Альберто Моравиа - Римлянка
В один прекрасный день она заявила, что договорилась с антрепренером и тот велел привести меня. Утром мы отправились в гостиницу, где жили антрепренер и вся его труппа. Гостиница эта, как сейчас помню, находилась в большом старом здании рядом с вокзалом. Время близилось к полудню, но в коридорах было сумрачно. Спертый воздух, скопившийся за ночь в стенах номеров, расползался по коридорам, и было нечем дышать. Мы миновали несколько коридоров и в конце концов очутились в темной прихожей, где три танцовщицы и аккомпаниатор у рояля репетировали в том полумраке, какой обычно царит на сцене. Рояль стоял в углу возле двери уборной с матовыми стеклами, в противоположном конце комнаты высилась огромная груда грязного постельного белья. Аккомпаниатор, тощий старик, играл по памяти, мне показалось, что он думает о чем-то своем и даже как будто дремлет. Три молодые танцовщицы, сняв блузки, остались по пояс обнаженными, в одних юбочках.
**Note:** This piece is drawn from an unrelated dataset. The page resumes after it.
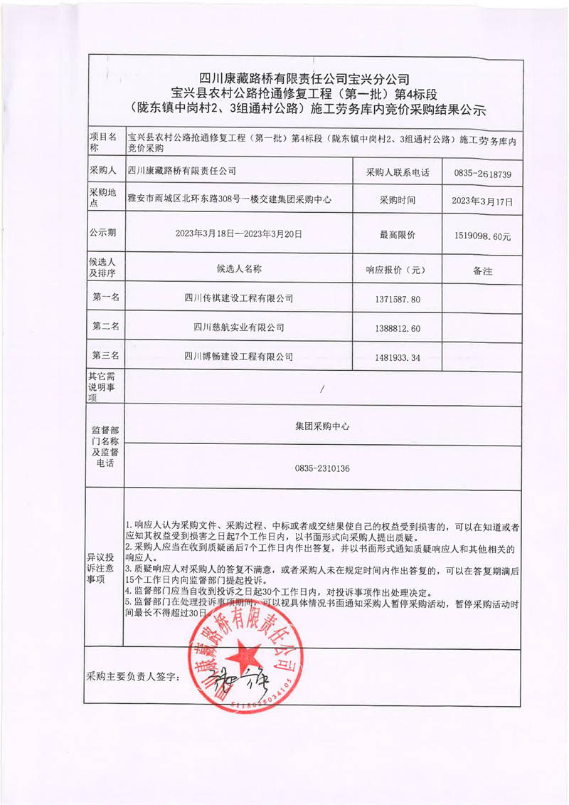 四川康藏路橋有限責(zé)任公司寶興分公司寶興縣農(nóng)村公路搶通修復(fù)工程(第一批)第4標(biāo)段(隴東鎮(zhèn)中崗村2、3組通村公路)施工勞務(wù)庫(kù)內(nèi)競(jìng)價(jià)采購(gòu)結(jié)果公示

Они держали друг друга за талию, и, как только пианист ударял по клавишам, все трое устремлялись вперед, к куче белья, разом поднимая ноги и выкидывая их то вправо, то влево, а потом поворачивались, сильно раскачивая бедрами, и вид у них был вызывающий, что так не вязалось с этим темным и мрачным местом. Когда я увидела, как они четко отбивают такт, дробно стуча ногами об пол, у меня сжалось сердце. Я понимала, что никаких способностей к танцам у меня нет, хотя ноги у меня были длинные и крепкие. Вместе с двумя своими подругами я уже брала уроки в школе танцев нашего квартала. Мои подруги сразу после первых уроков начали ритмично двигать ногами и бедрами, как завзятые танцорши, я же еле-еле передвигалась, будто вся половина моего тела ниже талии была налита свинцом. Мне казалось, что я устроена не так, как все девушки, во мне было что-то громоздкое и тяжелое, даже музыка не могла меня расшевелить. Потом, когда я пробовала танцевать — а было это всего несколько раз, — я, чувствуя, как мою талию сжимает чья-то рука, испытывала такую слабость, что не могла двигаться как положено и едва волочила ноги. Художник как-то мне сказал:
— Тебе бы, Адриана, родиться лет четыреста назад… тогда ценили таких женщин, а теперь, когда пошла мода на хрупких, ты выглядишь белой вороной… года через четыре, через пять ты будешь совсем как Юнона.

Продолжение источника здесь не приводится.